Rejection sampling of power laws quiet frankly sucks. They exist all throughout astrophysics. Thankfully, inverse transform sampling allows for a quite speedy work around. However, there is no direct inverse transform for a broken power law. Instead, I show herein how to sample from two power laws that are step-wise continuous via a weighted Bernoulli sampling combined with inverse transform sampling. 

In [13]:
# Import some things

import numpy as np
import scipy.stats as stats

import matplotlib.pyplot as plt
%matplotlib notebook
from jupyterthemes import jtplot
#plt.style.use('mike') 
jtplot.style(context='notebook', fscale=1, grid=False)
plt.style.use('mike') 

## First we define some utility functions
Here we define two important functions. One, naturally, is the broken power law function we would like to sample. Second, defines the total integral of the function to normalize it, as well as the integrals of each piece of the power law.

In [6]:
def integrate_pl(x0, x1, x2, a1, a2):
    """
    x0: lower bound
    x1: break point
    x2: upper bound
    a1: lower power law index
    a2: upper power low index
    
    """
    
    # compute the integral of each piece analytically
    int_1 = (np.power(x1, a1+1.) - np.power(x0, a1+1.))/(a1+1)
    int_2 = np.power(x1,a1-a2)*(np.power(x2, a2+1.) - np.power(x1, a2+1.))/(a2+1)
    
    # compute the total integral
    total = int_1 + int_2
    
    # compute the weights of each piece of the function
    w1 = int_1/total
    w2 = int_2/total
    
    return w1, w2, total
    
    
def bpl(x,x0, x1, x2, a1, a2):
    """
    x: the domain of the function
    x0: lower bound
    x1: break point
    x2: upper bound
    a1: lower power law index
    a2: upper power low index
    
    """
    
    # creatre a holder for the values
    out = np.empty_like(x)
    
    # get the total integral to compute the normalization
    _,_,C = integrate_pl(x0, x1, x2, a1, a2)
    norm = 1./C
    
    # create an index to select each piece of the function
    idx = x<x1
    
    # compute the lower power law
    out[idx] = np.power(x[idx],a1)
    
    # compute the upper power law
    out[~idx] = np.power(x[~idx],a2) * np.power(x1,a1-a2)
    
    return out* norm
    
    
    

In [15]:
fig, ax = plt.subplots()

xx = np.logspace(0,2,500)

for idx in [0.5, -0.5,-1.5]:

    ax.loglog(xx,  bpl(xx, x0=1, x1=10, x2=100, a1=idx, a2=-2.5),lw=3)

ax.set_xlabel('x')
ax.set_ylabel('y')

<IPython.core.display.Javascript object>

Text(0, 0.5, 'y')

## Sampling

To sample this distribution, we exploit the inverse transform of each piece of the function. We first compute the *weight* of each power law to the total function. Then we sample a Bernoulli trial with one of the weights. It does not matter which side of the function we choose for this as long as the index of the trails lines up.

In [16]:
def sample_bpl(u, x0, x1, x2, a1, a2):
    """
    u: uniform random number between on {0,1}
    x0: lower bound
    x1: break point
    x2: upper bound
    a1: lower power law index
    a2: upper power low index
    """

    # compute the weights with our integral function
    w1, w2, _ = integrate_pl(x0, x1, x2, a1, a2)
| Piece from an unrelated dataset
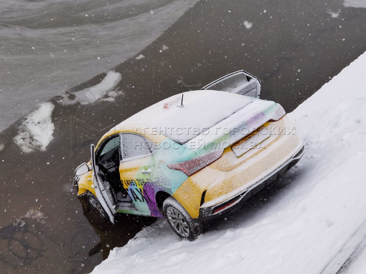 • Заголовок: Работа оперативных служб на месте падения автомобиля такси в Москву-реку на Бережковской набережной

    # create a holder array for our output
    out = np.empty_like(u)

    # compute the bernoulli trials for lower piece of the function
    # *if we wanted to do the upper part... we just reverse our index*
    # We also compute these to bools for numpy array selection
    idx = stats.bernoulli.rvs(w1, size=len(u)).astype(bool)

    # inverse transform sample the lower part for the "successes"
    out[idx] = np.power(
        u[idx] * (np.power(x1, a1 + 1.0) - np.power(x0, a1 + 1.0))
        + np.power(x0, a1 + 1.0),
        1.0 / (1 + a1),
    )
    
    # inverse transform sample the upper part for the "failures"
    out[~idx] = np.power(
        u[~idx] * (np.power(x2, a2 + 1.0) - np.power(x1, a2 + 1.0))
        + np.power(x1, a2 + 1.0),
        1.0 / (1 + a2),
    )
    
    
    return out

Let's generate 10000 uniformly distributed random numbers

In [17]:
u= np.random.uniform(0,1, 10000)

Now sample the distribution

In [26]:
# values we will use
x0 = 1.0
x1 = 10.0
x2 = 100.0
a1 = 0.5
a2 = -3.4

samples = sample_bpl(u, x0=x0, x1=x1, x2=x2, a1=a1, a2=a2)

We can histogram our samples and then compare with the function from which we sampled. 

In [30]:
fig, ax = plt.subplots()

# create log-spaced bins
bins = np.logspace(np.log10(x0), np.log10(x2), 50)

# histogram
ax.hist(samples, bins=bins, ec="#04B060", fc="#05D876", normed=True, lw=2)

# switch to log-sapce
ax.set_xscale("log")
ax.set_yscale("log")

# plot the original function we sampled from 

xx = np.logspace(np.log10(x0), np.log10(x2),500)

ax.plot(xx, bpl(xx,  x0=x0, x1=x1, x2=x2, a1=a1, a2=a2), color="#D84205", lw=3)

ax.set_xlabel('x')
ax.set_ylabel('N')

<IPython.core.display.Javascript object>

Text(0, 0.5, 'N')